Saturday, February 28, 2009

House prices continue to fall

New figures show that the pace of the fall in house prices accelerated in January. Average house prices dropped by 1.4% in the month, according to the house price index compiled by Permanent TSB and the ESRI. This compares with a 0.9% fall in December and 0.5% in November. Over 12 months, the decline was 9.8%. The average price paid for a house in January was €258,006.

However, these findings are not a true reflection of the current situation in Ireland. Dermot O'Leary, Chief Economist of Goodbody Stockbrokers, said in November 2007, that three reasons can be cited for a discrepancy between its expectations of house price falls and the permanent tsb / ESRI House Price Index:

1. The data are reflective of prices at the mortgage payment stage of the house-buying process. This can be some 3-4 months after a sales price is agreed, and, in a slower market, this lag could get extended further. Therefore, there is a significant lag between market prices and the official house price data.
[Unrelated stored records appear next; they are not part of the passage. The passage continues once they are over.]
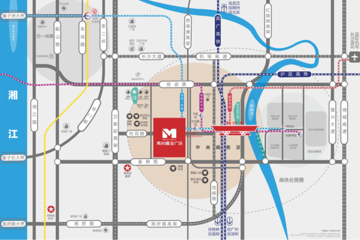 加上京广、沪昆两条高铁主动脉,美的置业广场坐拥全国交通枢纽,去哪都便捷。
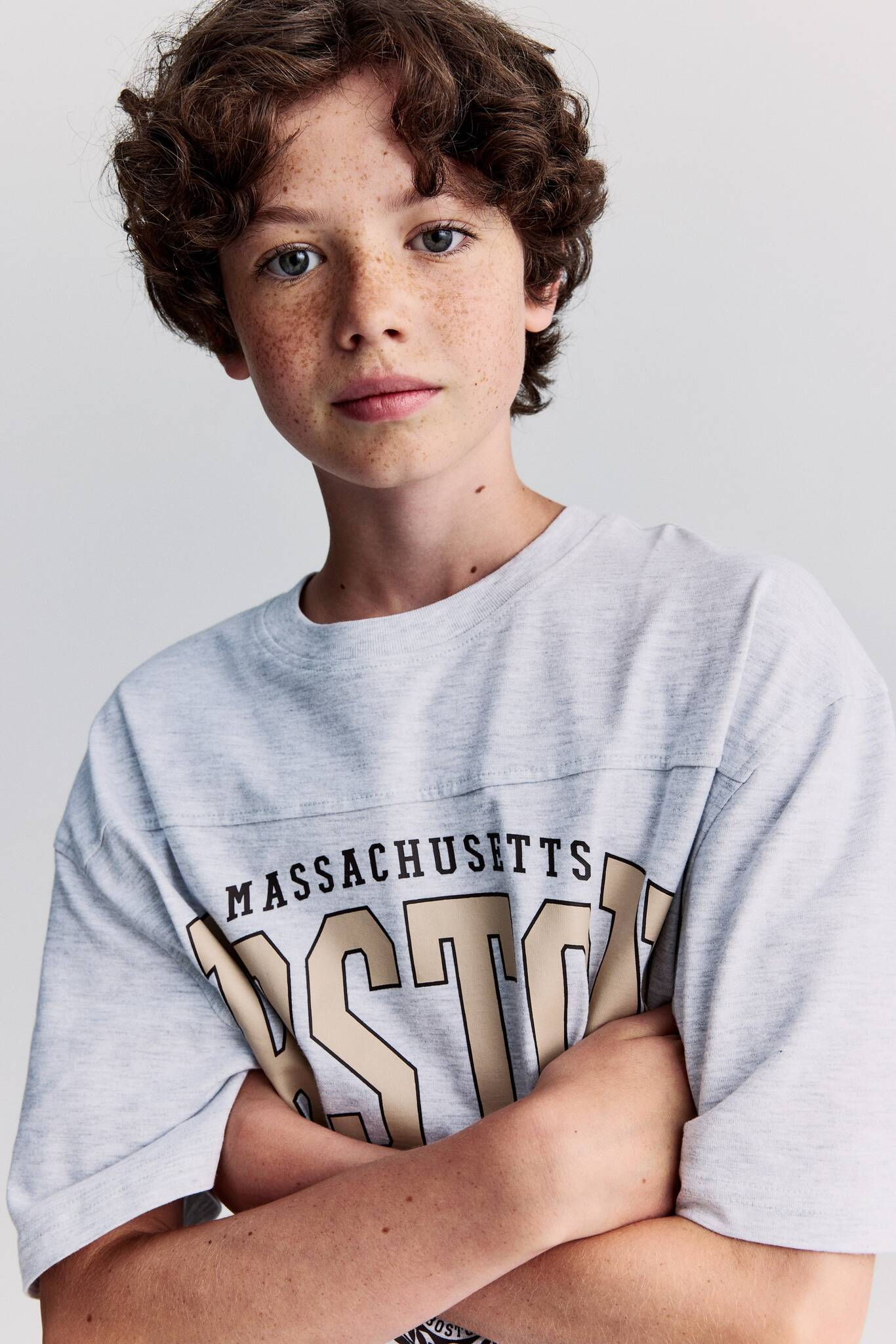 H&M Футболка оверсайз с принтом, серый
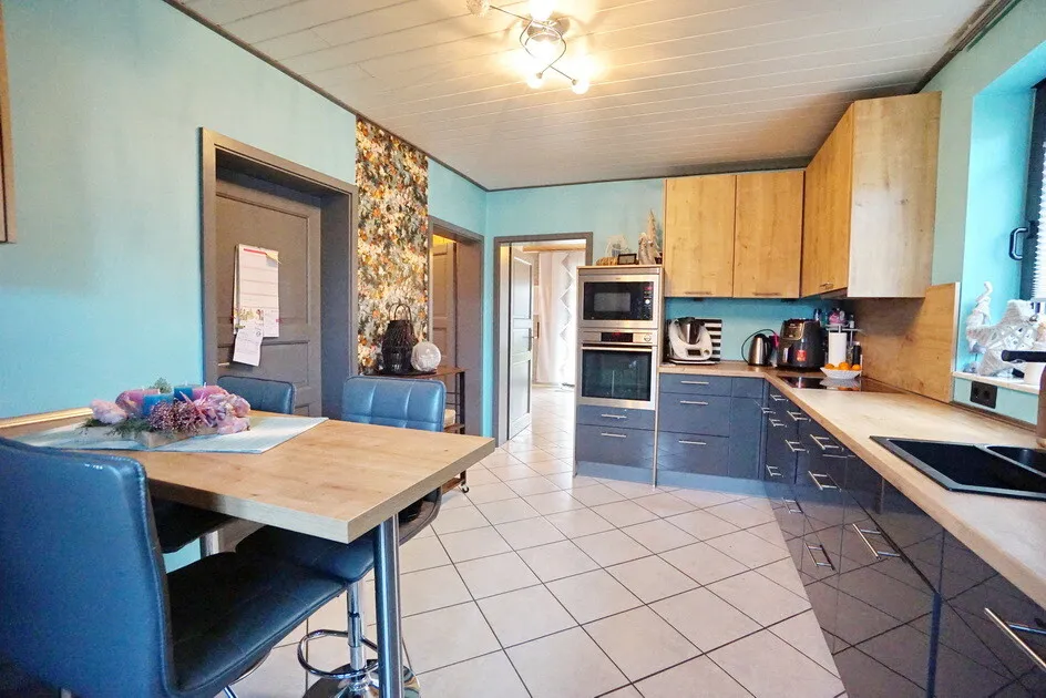 Bereits bei Betreten des Hauses wird spürbar, in welchem sehr gepflegten Zustand sich die Immobilie befindet. Im Flur sind ein Gäste-WC und praktischer Garderobenbereich vorhanden. Zudem ist hier Platz für Schränke und Abstellmöglichkeiten. Das Erdgeschoss besticht durch ein großzügiges Wohn-/Esszimmer, das eine wohnliche Atmosphäre bietet. Die angrenzende Küche mit Einbauküche lädt zum Kochen und geselligem Beisammensein ein. Ein praktischer Hauswirtschaftsraum rundet das Raumprogramm ab. Diese Räumlichkeiten verteilen sich auf ca. 65 m². Zahlreiche Fensterelemente im Wohnzimmer bieten einen schönen Ausblick in den liebevoll angelegten Garten.

2. The type of properties in the ptsb database may be concentrated towards the lower price range in the market. While recognising the fact that the ptsb data takes account of the different characteristics of the house, the average price in the country is well below the estimates contained in the dataset from the Department of the Environment.

3. Price incentives, which have become common for new scheme developments, would not get reflected in the data.

Wednesday, February 18, 2009

Bord Gáis enters the electricity market

Bord Gáis has announced that it is entering the residential electricity market later today, with a guarantee to customers that its prices will be at least 10% lower than the ESB for the next three years. The company's chief executive, John Mullins, said it would be a simple process for ESB customers to switch to Bord Gáis, and this would be open to all 1.8 million registered households who use electricity.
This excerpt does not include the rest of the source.